++++ EXERCISE MATERIALS ++++

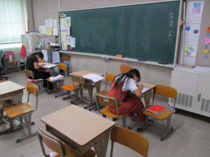 教室に来たら、黙々と課題に取り組んでいます。
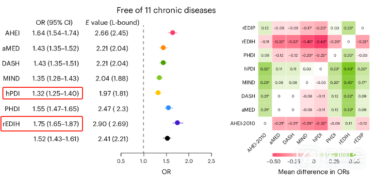 - 无慢性病:rEDIH饮食效果最佳(OR=1.75);hPDI效果最弱(OR=1.32)
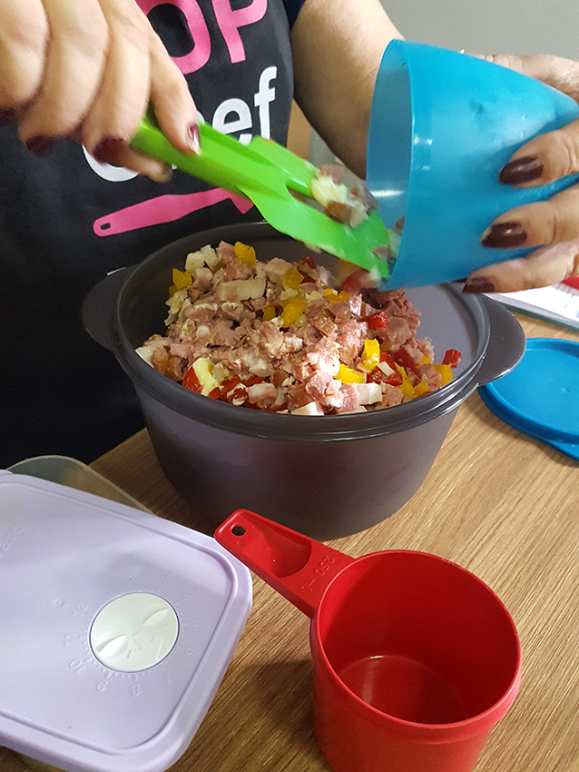 • 1 colher de Medida Tupperware 25ml cebola picada½
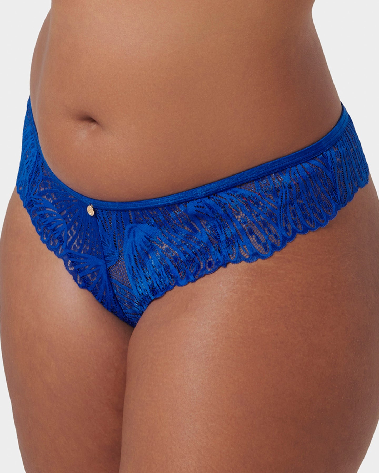 Presented in Egyptian blue, a key colour for the season, this thong features floral lace with symmetrical patterns that flow around the entire silhouette, with a unique triangle keyhole detail to the rear, premium satin bonded edging, signature Bluebella gold hardware and a hypoallergenic bamboo gusset. This style is perfect for those looking for added coverage without compromising style. Pair with the matching bra for the full look.
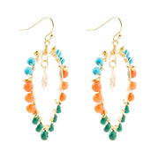 Indulge in the beauty of these Apricot Teals Multicolor Golden Statement Earrings. Handcrafted with genuine blue magnesite, orange agate, and green jade, these earrings measure 2.12" in length and 1.43" in width at its widest point, weighing a total of 7.4g. Each piece is carefully crafted and finished by hand using 18K gold plated brass, adding a touch of elegance to these beautiful earrings.
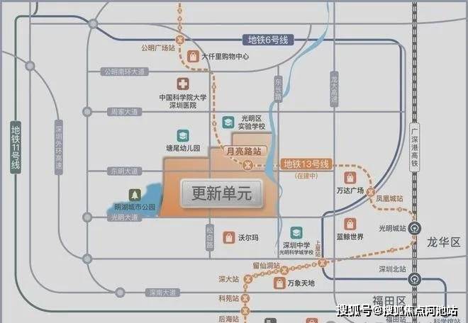 该片区更新单元拥有正在建设的轨道快线13号线贯穿其中,是13号线月亮路站的TOD大型城市综合体。居民从月亮路站出发,仅需一站即可抵达凤凰城站,轻松换乘6号线,快速通往福田中心。此外,三站即可到达重要的轨道枢纽——光明城站,乘坐高铁,便可迅速抵达深圳北、福田等核心区域。
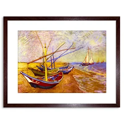 Wee Blue Coo Painting Van Gogh Boats Saintes maries Framed Wall Art Print
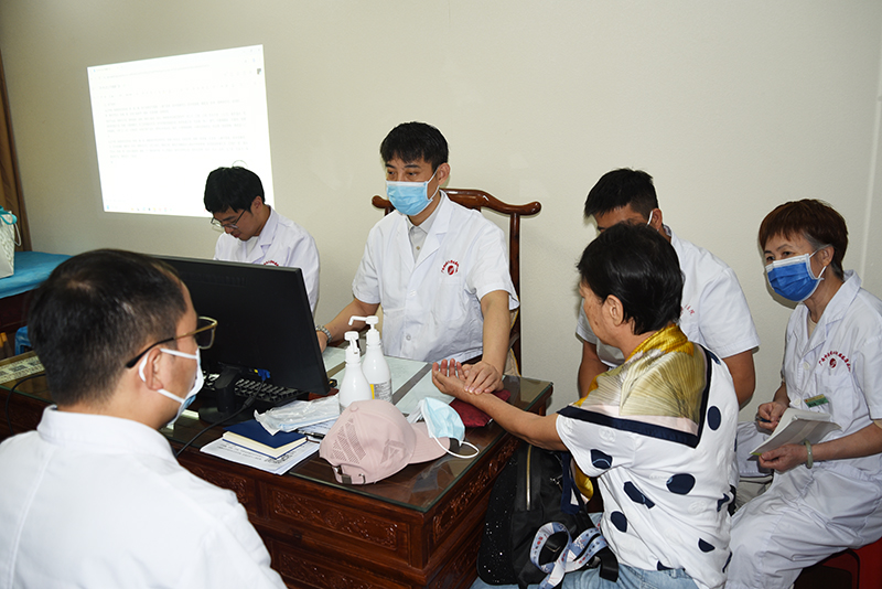 24日下午,许家栋教授深入中医经典病房参与疑难病例会诊。他仔细聆听主管医生病情汇报,为患者进行系统检查,从中医“病因病机、辨证论治、转归预后”等多个维度,与跟诊医务人员展开深度研讨。交流中,他针对临床困惑逐一解答,毫无保留地分享数十年临证用方心得与辨治思路,其“方证对应”的诊疗逻辑与灵活化裁的组方技巧,让在场医护人员深受启发。
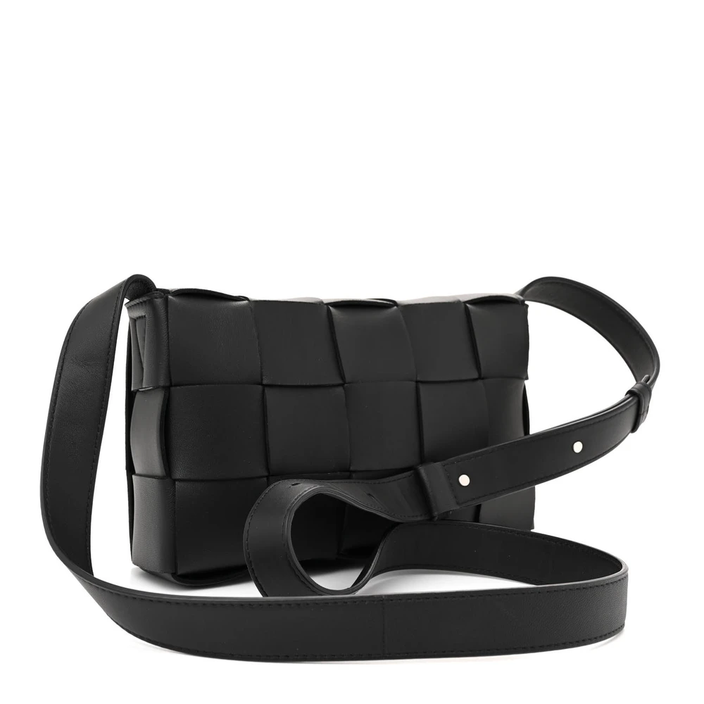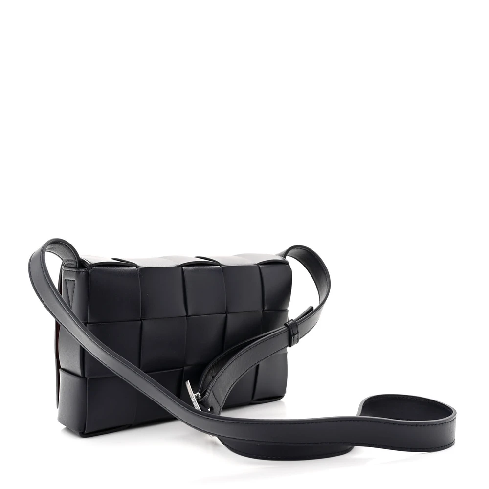Bottega Veneta Maxi Intrecciato Cassette Crossbody Bag Black Lambskin Leather
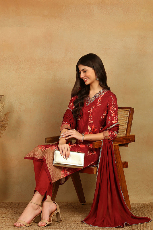 Maroon Rayon Blend Floral Printed Straight Trouser Suit Set PKSKD2526MRN
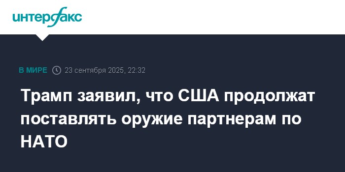"Мы продолжим поставлять оружие НАТО, и страны НАТО могут делать с ним что захотят. Удачи всем!" - написал он в социальной сети Truth Social во вторник.
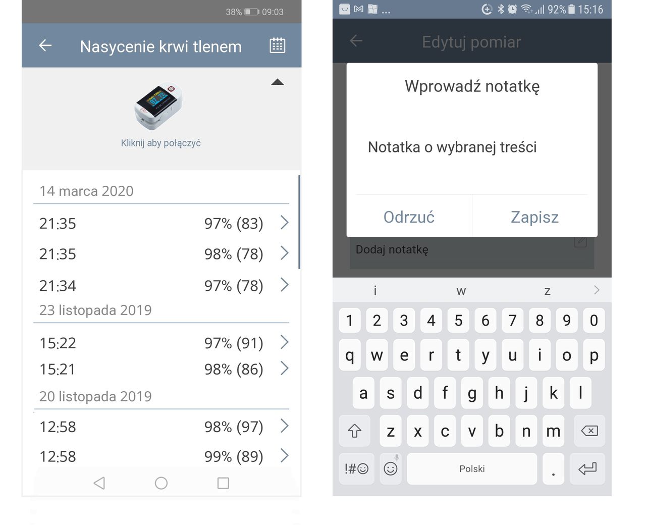Aplikacja MedM Health jest bardzo wygodnym narzędziem do automatycznego zapisywania wyników pomiarów natlenienia krwi i tętna. Dzięki zastosowaniu aplikacji MedM Health możesz zapomnieć o żmudnym ręcznym zapisywaniu wyników. Kompletne wyniki pomiarów masz zawsze ze sobą w Twoim smartfonie. Dzięki aplikacji MedM Health możesz w każdej chwili przesłać kompletną historię swoich pomiarów na wybrany adres e-mail, np. Twojego lekarza, czy członków Twojej rodziny. Każdy wynik pomiaru możesz opisać w taki sposób, aby Twój lekarz otrzymał informację jaki wpływ na wyniki Twoich pomiarów miała zalecona przez niego terapia lekowa.
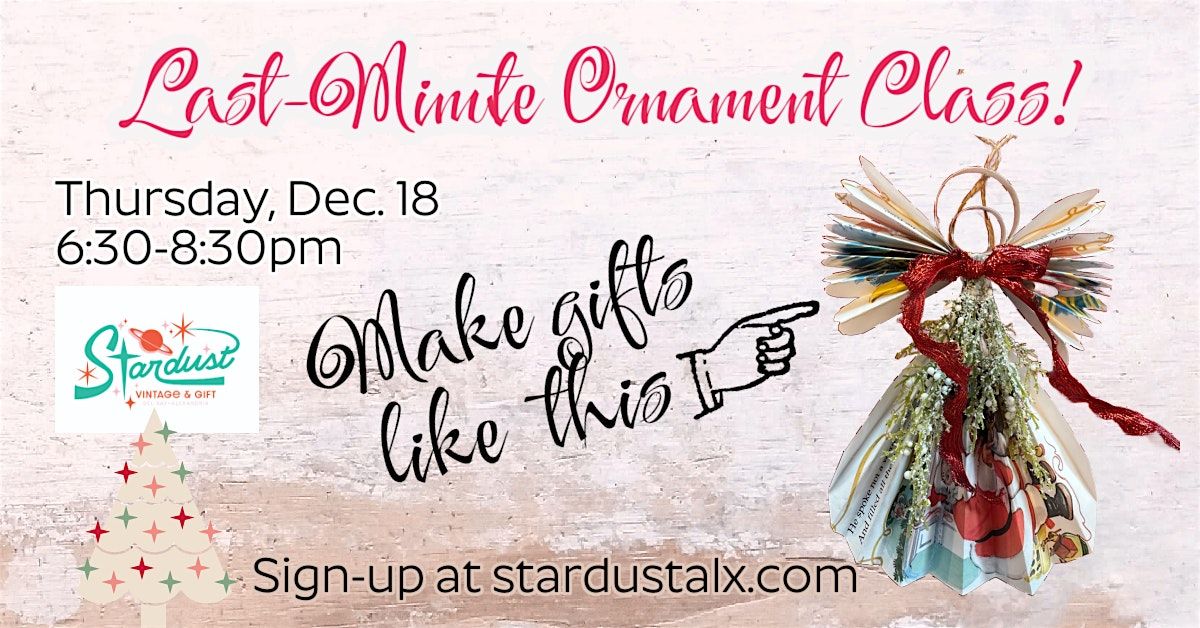 Last-Minute Ornaments Class — Transform book pages into charming holiday ornaments! Discover easy techniques to craft unique, literary-themed decorations perfect for last-minute gifts or personal touches on your tree. In this class, you’ll create a variety of designs while learning folding, cutting, and decorating tips. Suitable for all skill levels, with materials included. Leave with a set of beautiful, handmade ornaments ready to impress.
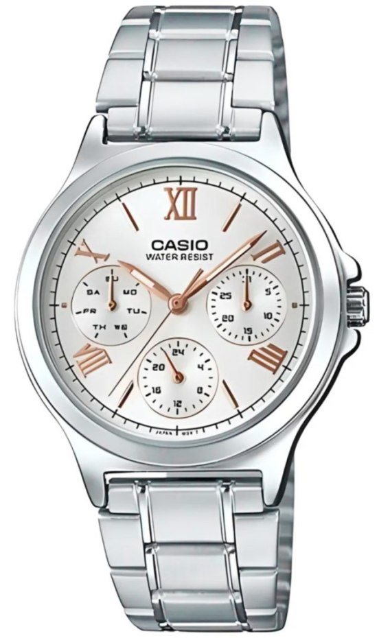 Zegarek CASIO LTP-V300G-7A2UDF to połączenie luksusowego wyglądu i codziennej funkcjonalności. Jego elegancka bransoleta i dopracowana tarcza z delikatnym połyskiem sprawiają, że przyciąga wzrok i doskonale komponuje się z kobiecymi stylizacjami. Trzy dodatkowe subtarcze wskazują dzień tygodnia, datę i czas 24-godzinny, dzięki czemu zawsze masz wszystko pod kontrolą. To zegarek, który nie tylko zdobi nadgarstek, ale też ułatwia organizację dnia. Idealny dla kobiet, które lubią styl i wygodę w jednym.
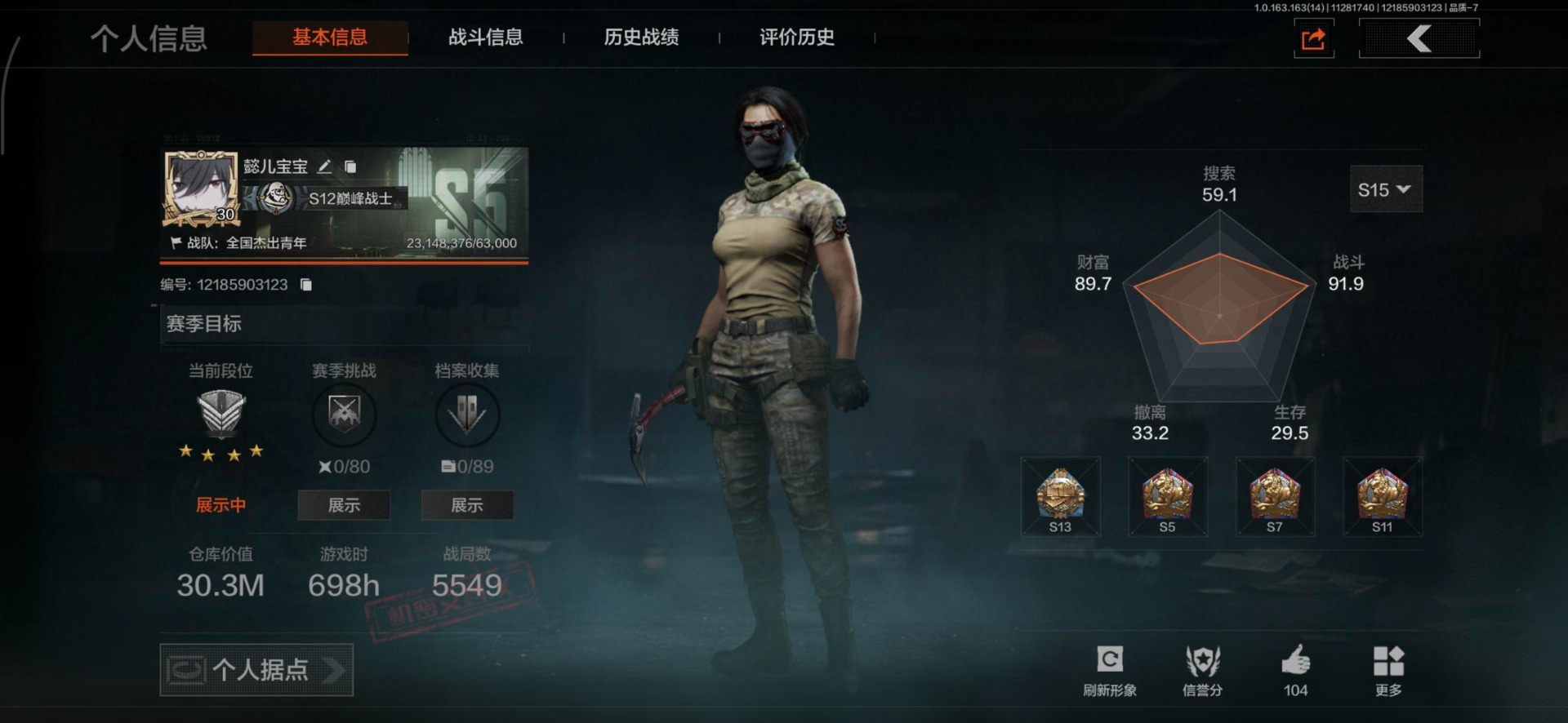 库存价值30.3 5近战武器 6金呛皮 可修改实名 【柯恩币数量】:1621 【近战武器】:突击匕首盘牙·彻甲短刃工兵铲来战·开山刀冬日冰镐 【金色呛皮】:旗帜·aek告丧夜曲·aug浮鳞影青·q192旧王圣谕·q191旧王圣谕·vss蓝色咆哮·h416 【紫色呛皮】:
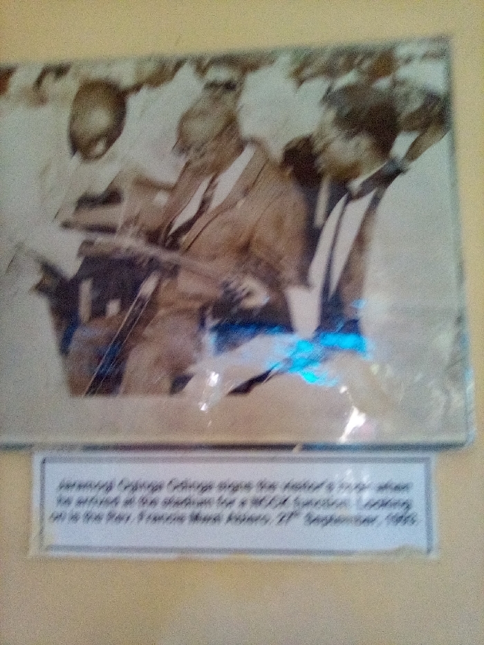 A framed, sepia-toned or monochrome photograph is displayed on a light yellow wall in South Sakwa ward, Kenya
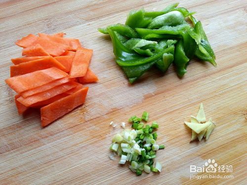 首先,我们先将青椒、胡萝卜、生姜洗净后,把青椒、胡萝卜切成丝,生姜切成小块

++++

Each line above should be returned exactly as written, apart from any pictures.

YOUR RESPONSE
 教室に来たら、黙々と課題に取り組んでいます。
 - 无慢性病:rEDIH饮食效果最佳(OR=1.75);hPDI效果最弱(OR=1.32)
 • 1 colher de Medida Tupperware 25ml cebola picada½
 Presented in Egyptian blue, a key colour for the season, this thong features floral lace with symmetrical patterns that flow around the entire silhouette, with a unique triangle keyhole detail to the rear, premium satin bonded edging, signature Bluebella gold hardware and a hypoallergenic bamboo gusset. This style is perfect for those looking for added coverage without compromising style. Pair with the matching bra for the full look.
 Indulge in the beauty of these Apricot Teals Multicolor Golden Statement Earrings. Handcrafted with genuine blue magnesite, orange agate, and green jade, these earrings measure 2.12" in length and 1.43" in width at its widest point, weighing a total of 7.4g. Each piece is carefully crafted and finished by hand using 18K gold plated brass, adding a touch of elegance to these beautiful earrings.
 该片区更新单元拥有正在建设的轨道快线13号线贯穿其中,是13号线月亮路站的TOD大型城市综合体。居民从月亮路站出发,仅需一站即可抵达凤凰城站,轻松换乘6号线,快速通往福田中心。此外,三站即可到达重要的轨道枢纽——光明城站,乘坐高铁,便可迅速抵达深圳北、福田等核心区域。
 Wee Blue Coo Painting Van Gogh Boats Saintes maries Framed Wall Art Print
 24日下午,许家栋教授深入中医经典病房参与疑难病例会诊。他仔细聆听主管医生病情汇报,为患者进行系统检查,从中医“病因病机、辨证论治、转归预后”等多个维度,与跟诊医务人员展开深度研讨。交流中,他针对临床困惑逐一解答,毫无保留地分享数十年临证用方心得与辨治思路,其“方证对应”的诊疗逻辑与灵活化裁的组方技巧,让在场医护人员深受启发。
Bottega Veneta Maxi Intrecciato Cassette Crossbody Bag Black Lambskin Leather
 Maroon Rayon Blend Floral Printed Straight Trouser Suit Set PKSKD2526MRN
"Мы продолжим поставлять оружие НАТО, и страны НАТО могут делать с ним что захотят. Удачи всем!" - написал он в социальной сети Truth Social во вторник.
Aplikacja MedM Health jest bardzo wygodnym narzędziem do automatycznego zapisywania wyników pomiarów natlenienia krwi i tętna. Dzięki zastosowaniu aplikacji MedM Health możesz zapomnieć o żmudnym ręcznym zapisywaniu wyników. Kompletne wyniki pomiarów masz zawsze ze sobą w Twoim smartfonie. Dzięki aplikacji MedM Health możesz w każdej chwili przesłać kompletną historię swoich pomiarów na wybrany adres e-mail, np. Twojego lekarza, czy członków Twojej rodziny. Każdy wynik pomiaru możesz opisać w taki sposób, aby Twój lekarz otrzymał informację jaki wpływ na wyniki Twoich pomiarów miała zalecona przez niego terapia lekowa.
 Last-Minute Ornaments Class — Transform book pages into charming holiday ornaments! Discover easy techniques to craft unique, literary-themed decorations perfect for last-minute gifts or personal touches on your tree. In this class, you’ll create a variety of designs while learning folding, cutting, and decorating tips. Suitable for all skill levels, with materials included. Leave with a set of beautiful, handmade ornaments ready to impress.
 Zegarek CASIO LTP-V300G-7A2UDF to połączenie luksusowego wyglądu i codziennej funkcjonalności. Jego elegancka bransoleta i dopracowana tarcza z delikatnym połyskiem sprawiają, że przyciąga wzrok i doskonale komponuje się z kobiecymi stylizacjami. Trzy dodatkowe subtarcze wskazują dzień tygodnia, datę i czas 24-godzinny, dzięki czemu zawsze masz wszystko pod kontrolą. To zegarek, który nie tylko zdobi nadgarstek, ale też ułatwia organizację dnia. Idealny dla kobiet, które lubią styl i wygodę w jednym.
 库存价值30.3 5近战武器 6金呛皮 可修改实名 【柯恩币数量】:1621 【近战武器】:突击匕首盘牙·彻甲短刃工兵铲来战·开山刀冬日冰镐 【金色呛皮】:旗帜·aek告丧夜曲·aug浮鳞影青·q192旧王圣谕·q191旧王圣谕·vss蓝色咆哮·h416 【紫色呛皮】:
 A framed, sepia-toned or monochrome photograph is displayed on a light yellow wall in South Sakwa ward, Kenya
 首先,我们先将青椒、胡萝卜、生姜洗净后,把青椒、胡萝卜切成丝,生姜切成小块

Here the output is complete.